Consequently, "CapContact", the novel method Streli and Holz developed for this purpose, combines two approaches: On the one hand, they use the touch screens as image sensors. According to Holz, a touch screen is essentially a very low-resolution depth camera that can see about eight millimetres far. A depth camera does not capture coloured images, but records an image of how close objects are. On the other hand, "CapContact" exploits this insight to accurately detect the contact areas between fingers and surfaces through a novel deep learning algorithm that the researchers developed.
"First, 'CapContact' estimates the actual contact areas between fingers and touchscreens upon touch," says Holz, "Second, it generates these contact areas at eight times the resolution of current touch sensors, enabling our touch devices to detect touch much more precisely."
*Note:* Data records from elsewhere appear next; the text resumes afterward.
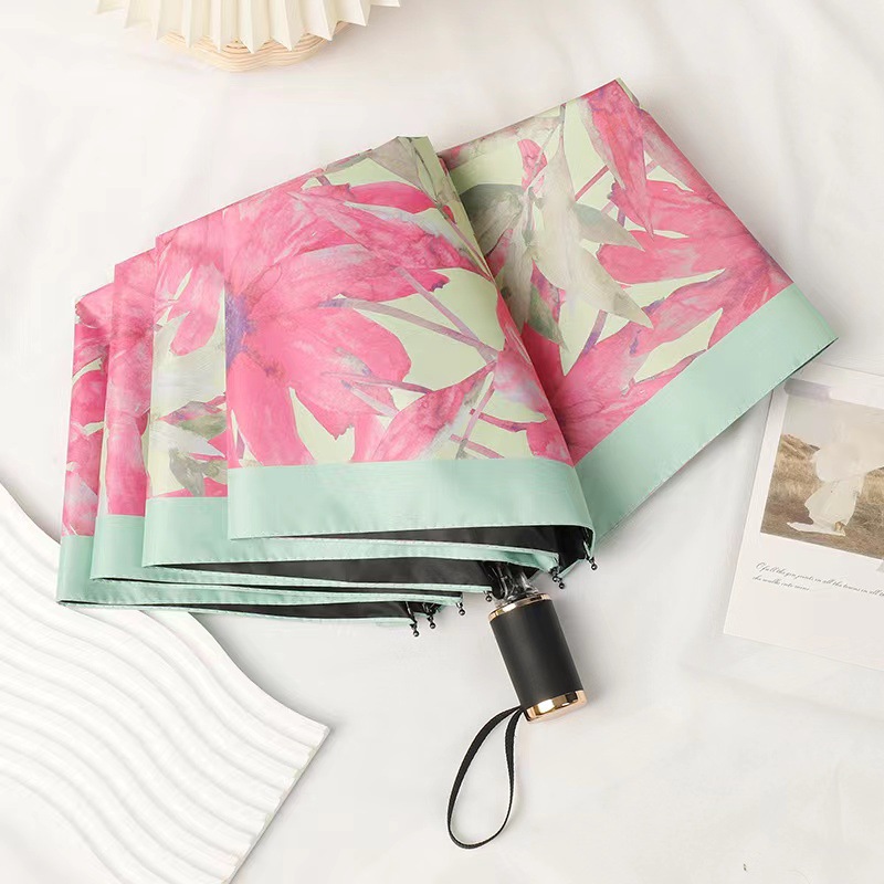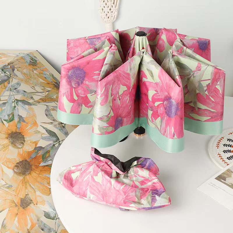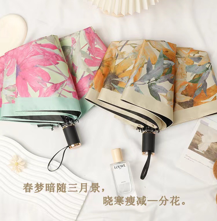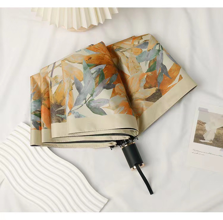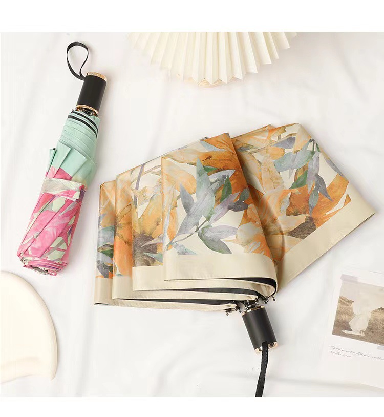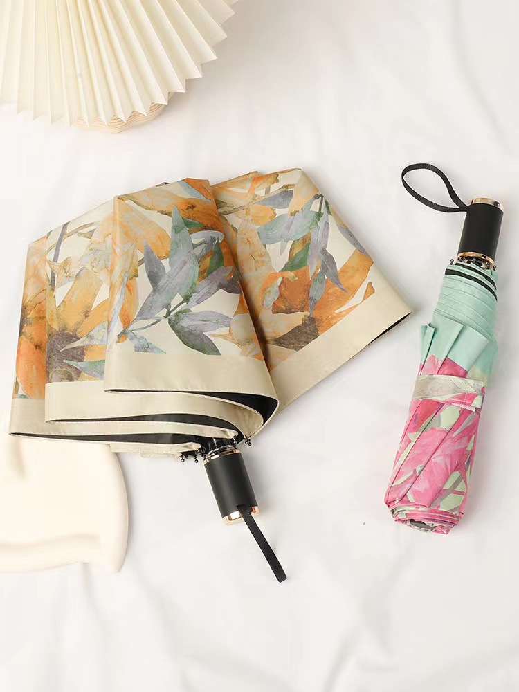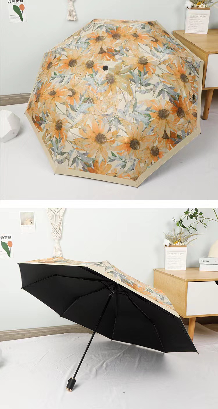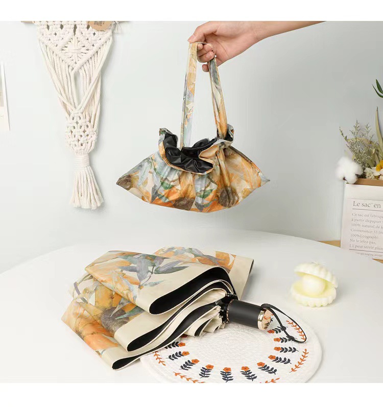 フレンチスタイルの黄色の花柄傘ポータブルビニール日傘日傘晴雨兼用抗UV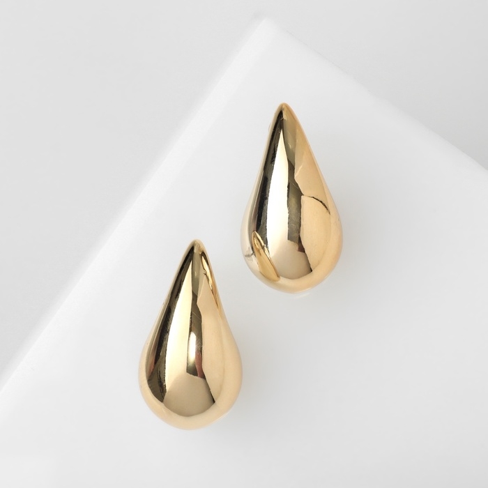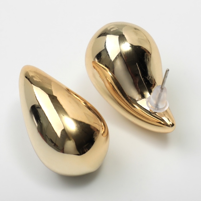 Серьги пластик «Капля» изогнутая мах, цвет золото
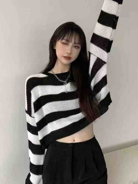 早秋新款靓妹短款宽松撞色黑白条纹针织长袖小衫,有垫...
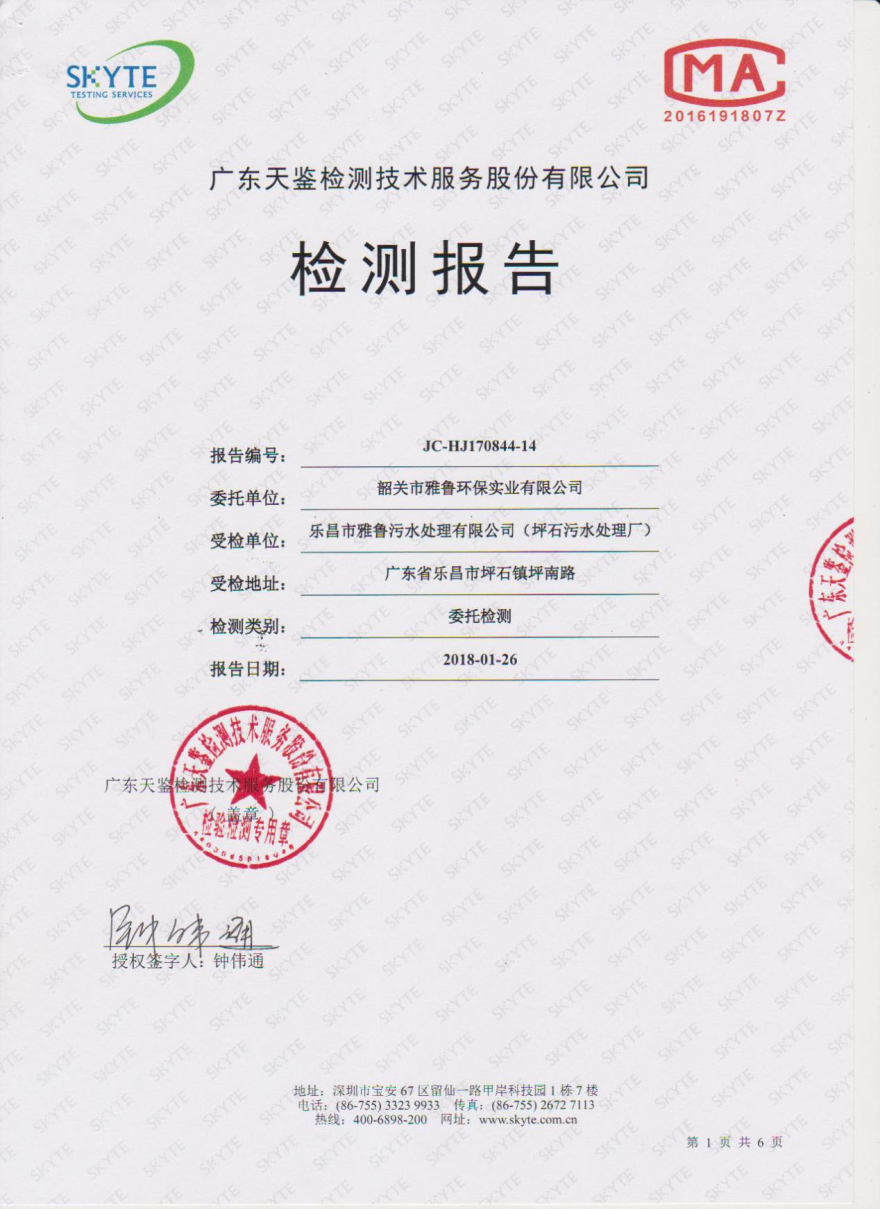 樂昌市雅魯污水處理有限公司第三方監(jiān)測報告1月

To train the AI, the researchers constructed a custom apparatus that records the capacitive intensities, i.e., the types of measurements our phones and tablets record, and the true contact maps through an optical high-resolution pressure sensor. By capturing a multitude of touches from several test participants, the researchers captured a training dataset, from which "CapContact" learned to predict super-resolution contact areas from the coarse and low-resolution sensor data of today's touch devices.